Unrechtmässig bezogene Leistungen sind nach Art. 2 Abs. 1 ATSV zurückzuerstatten. Die Rückerstattungspflicht trifft die Bezügerin bzw. den Bezüger (vgl. Art. 95 Abs. 1 AVIG i.V.m. Art. 25 ATSG und Art. 2 Abs. 1 lit. a ATSV).
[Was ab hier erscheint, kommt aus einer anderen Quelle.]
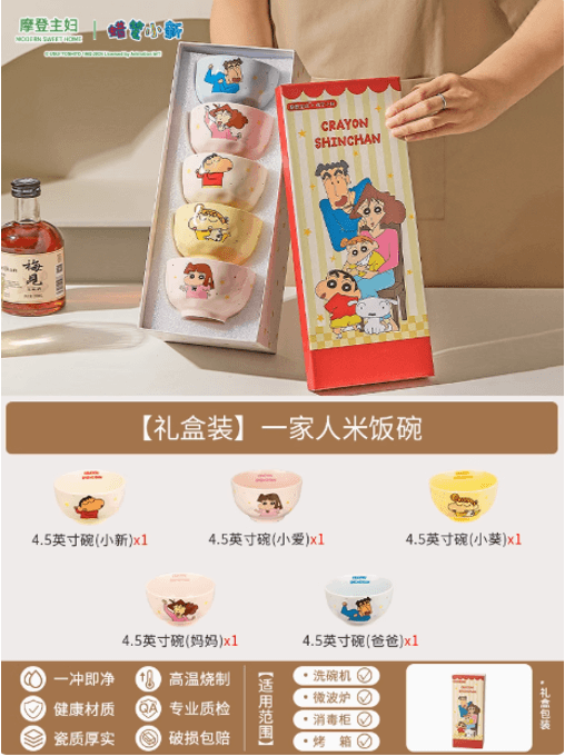 【预订】摩登主妇蜡笔小新一家人米饭碗 5个装 /【Pre-Order】 Crayon Shin-chan Family Rice Bowl 5 Pieces Set By MODERN HOUSEWIFE

“Vielmehr handelt es sich bei den Vorbringen um Gründe, bei welchen die Möglichkeit zur Anfechtung der Verfügung –innert der gegebenen Frist – besteht. Mangels Vorliegens eines Nichtigkeitsgrundes ist die Beschwerde in diesem Punkt abzuweisen. 5.1 Unrechtmässig bezogene Leistungen sind zurückzuerstatten. Rückerstattungspflichtig sind der Bezüger oder die Bezügerin der unrechtmässig gewährten Leistungen (Art. 95 Abs. 1 AVIG i.V.m. Art. 25 Art. 1 ATSG i. V. m. Art. 2 Abs. 1 lit. a der Verordnung über den Allgemeinen Teil des Sozialversicherungsrechts [ATSV] vom 11. September 2002). 5.2.1 Vor dem Hintergrund der in Rechtskraft erwachsenen Verfügung des RAV vom 26. April 2023 steht ausser Frage, dass die Beschwerdeführerin wegen Ablehnung einer zumutbaren Arbeit für 38 Tage ab dem 21. Januar 2023 in ihrer Anspruchsberechtigung eingestellt wurde. Die ihr für diese Zeit ausgerichteten Taggeldleistungen im Umfang von netto Fr. 6'994.20 sind deshalb zu Unrecht erfolgt, weshalb sie nach Art. 95 Abs. 1 AVIG i.V.m. Art. 25 Abs. 1 ATSG i.V.m. Art. 2 Abs. 1 lit. a ATSV von Amtes wegen zurückzufordern sind. Die Höhe der ermittelten Rückforderung ist sodann weder bestritten noch drängt sich mit Blick auf die Akten eine Korrektur des ermittelten Betrags auf. 5.2.2 Die Beschwerdeführerin bringt vor, auch wenn die Rückzahlung von zu Unrecht bezogener Arbeitslosenentschädigung im öffentlichen Interessen stehe, sei die Wirkung der Rückforderung auf sie als Betroffene ausser Acht gelassen worden. Als alleinerziehende Mutter, welche zudem in finanziell prekären Verhältnissen lebe, könne sie die anfallenden Kosten des täglichen Bedarfs nur mit fremder Unterstützung stemmen. Von ihren Eltern erhalte sie aktuell keine Unterstützung, da ihr Vater im Spital liege und ihre Mutter selbst arbeitslos sei. Es liege weit ausserhalb ihrer finanziellen Möglichkeiten, einen Betrag in der Höhe von Fr. 6'994.20 zurückzubezahlen. Eine solche finanzielle Last würde für sie eine starke finanzielle Härte bedeuten und zur Verschuldung ihrerseits führen. Die zu Unrecht ausgerichtete Arbeitslosenentschädigung habe sie sodann bereits für den Unterhalt ihrer Tochter ausgegeben.”